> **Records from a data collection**
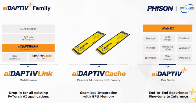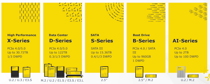 Avec la marque Pascari, Phison a lancé différentes gammes visant des cas d’utilisation variés : des disques d’entreprise haute performance dans la série X aux disques de démarrage dans la série B. La série AI propose des déclinaisons supportant jusqu’à 100 DWPD (plus de détails dans la sous-section aiDAPTIVE+ ci-dessous).
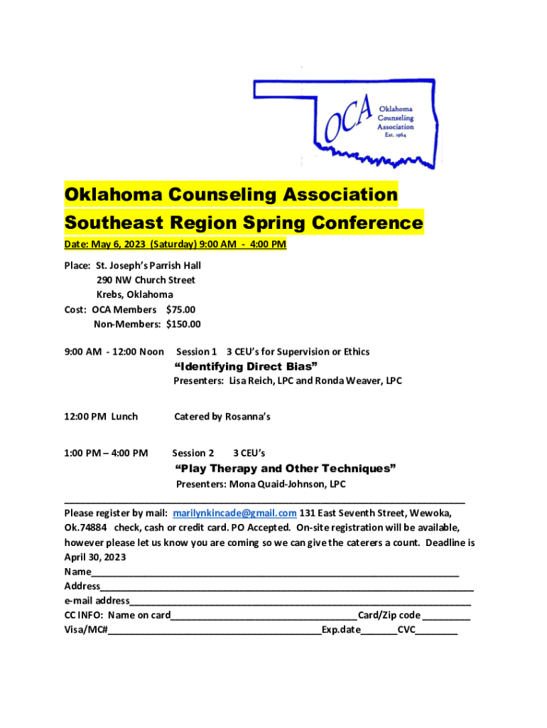 Oklahoma Counseling Association Southeast Region Spring Conference Date: May 6, 2023 (Saturday) 9:00 AM 4:00 PM Place: St. Josephs Parrish Hall 290 NW Church Street Krebs, Oklahoma Cost: OCT Members
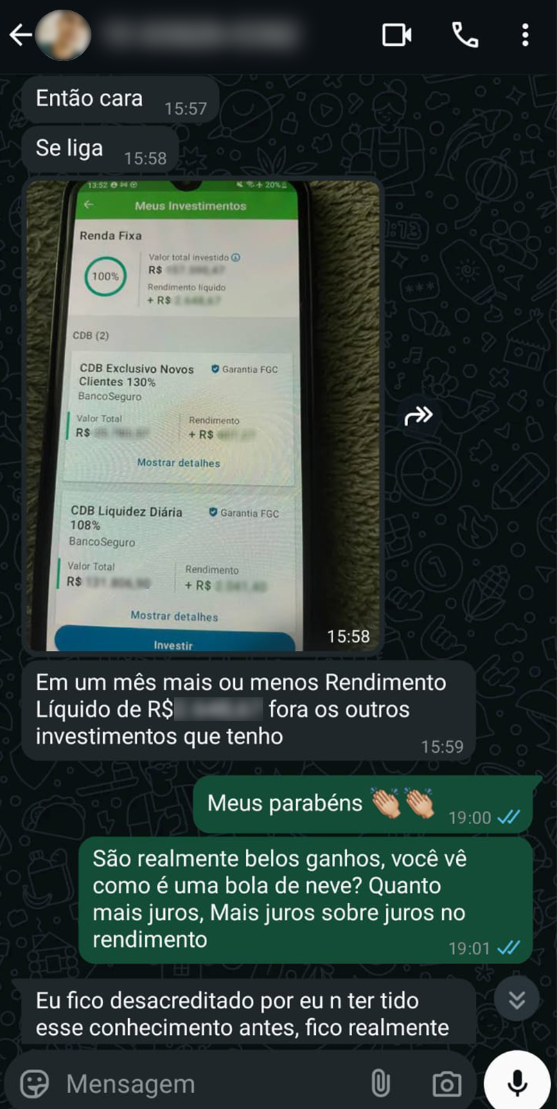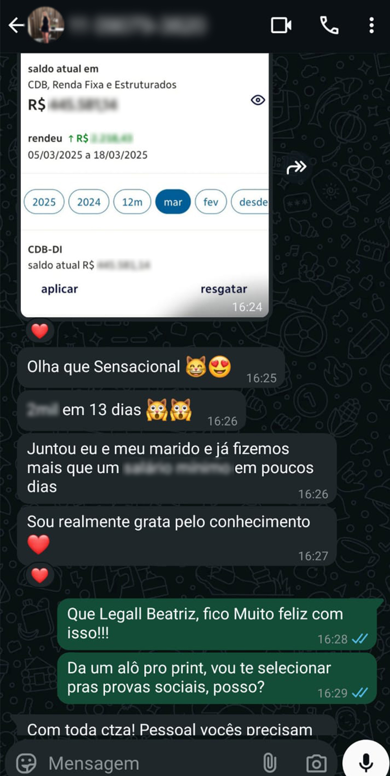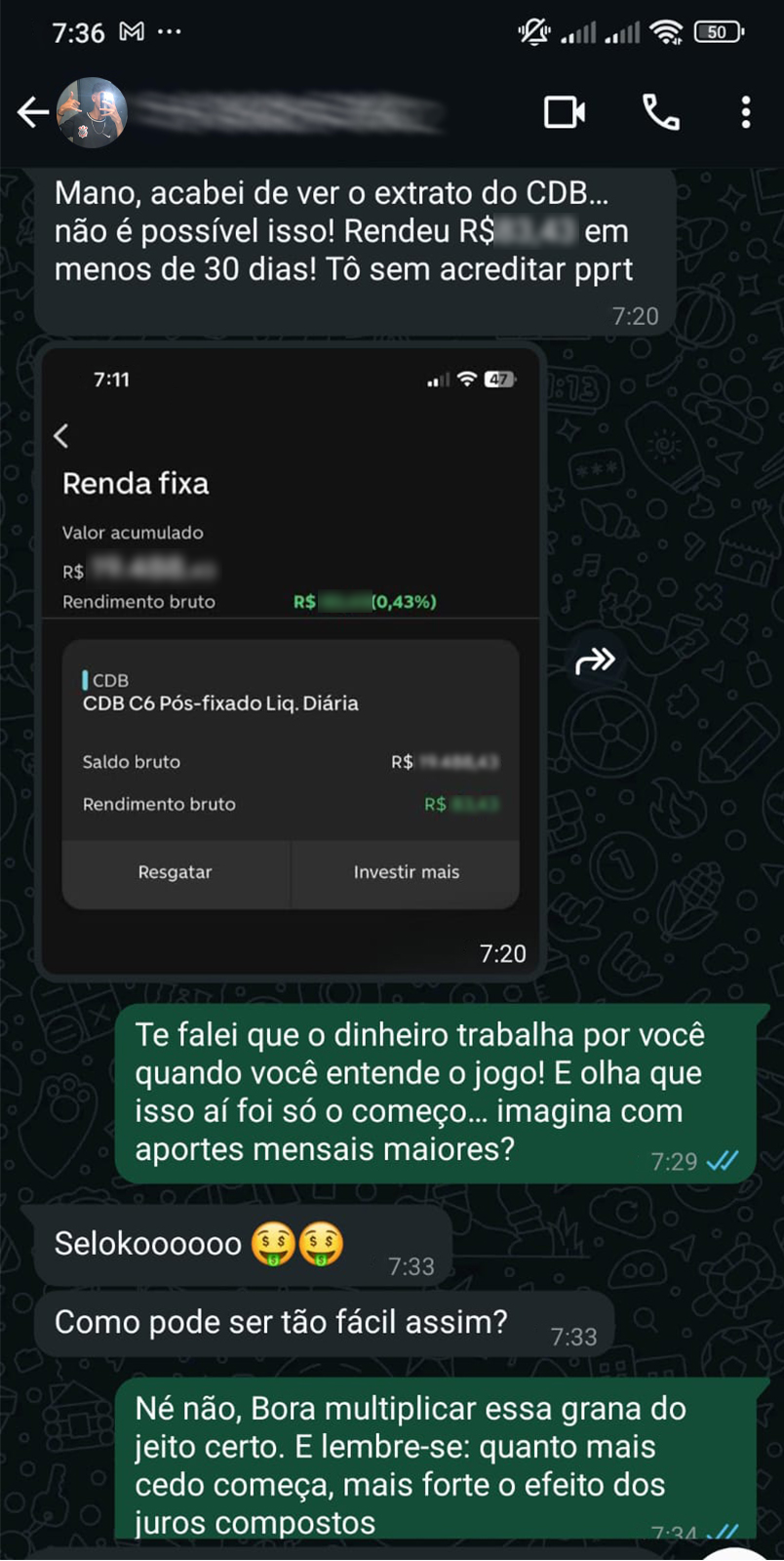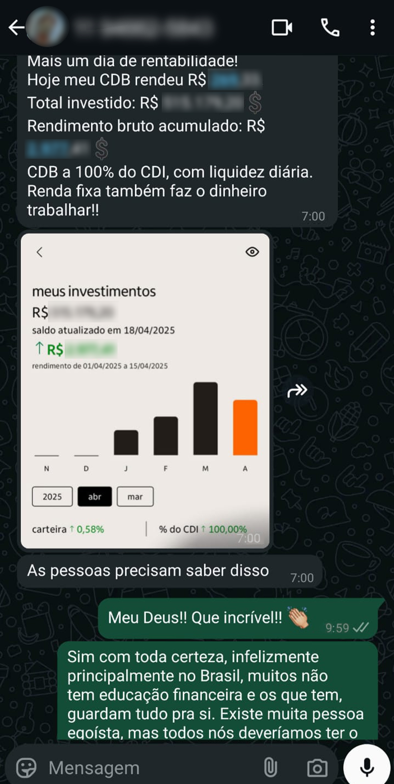 Em busca de conhecimento, Wesley começou a estudar investimentos, iniciando pelo CDB DI, uma opção considerada segura e acessível para quem está começando. Com disciplina e prática, ele foi aprendendo a aplicar o que estudava e a construir uma base financeira mais sólida.
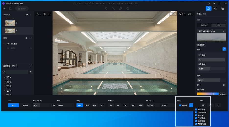 在完成场景设计后,在渲染输出界面可以勾选通道图选项,可以在设置栏中勾选需要的通道图进行渲染,导出图片的同时,D5也会导出通道图用作后期处理。
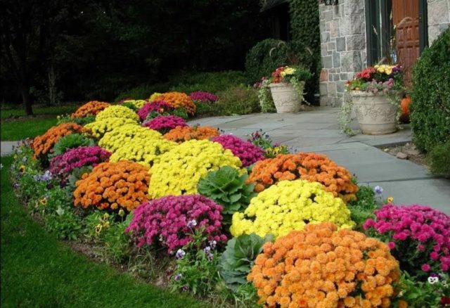 Los crisantemos enanos o de borde se pueden usar para enmarcar el borde del macizo de flores. Los arbustos florecen a finales del verano y florecen hasta la primera helada, y hasta ese momento sirven como seto verde. Los arbustos pequeños en composiciones en macetas también se ven bien.

> **TASK DETAILS**
Exclude the pictures and give back the rest of the data above exactly as written.

> **YOUR RESPONSE**
 Avec la marque Pascari, Phison a lancé différentes gammes visant des cas d’utilisation variés : des disques d’entreprise haute performance dans la série X aux disques de démarrage dans la série B. La série AI propose des déclinaisons supportant jusqu’à 100 DWPD (plus de détails dans la sous-section aiDAPTIVE+ ci-dessous).
 Oklahoma Counseling Association Southeast Region Spring Conference Date: May 6, 2023 (Saturday) 9:00 AM 4:00 PM Place: St. Josephs Parrish Hall 290 NW Church Street Krebs, Oklahoma Cost: OCT Members
 Em busca de conhecimento, Wesley começou a estudar investimentos, iniciando pelo CDB DI, uma opção considerada segura e acessível para quem está começando. Com disciplina e prática, ele foi aprendendo a aplicar o que estudava e a construir uma base financeira mais sólida.
 在完成场景设计后,在渲染输出界面可以勾选通道图选项,可以在设置栏中勾选需要的通道图进行渲染,导出图片的同时,D5也会导出通道图用作后期处理。
 Los crisantemos enanos o de borde se pueden usar para enmarcar el borde del macizo de flores. Los arbustos florecen a finales del verano y florecen hasta la primera helada, y hasta ese momento sirven como seto verde. Los arbustos pequeños en composiciones en macetas también se ven bien.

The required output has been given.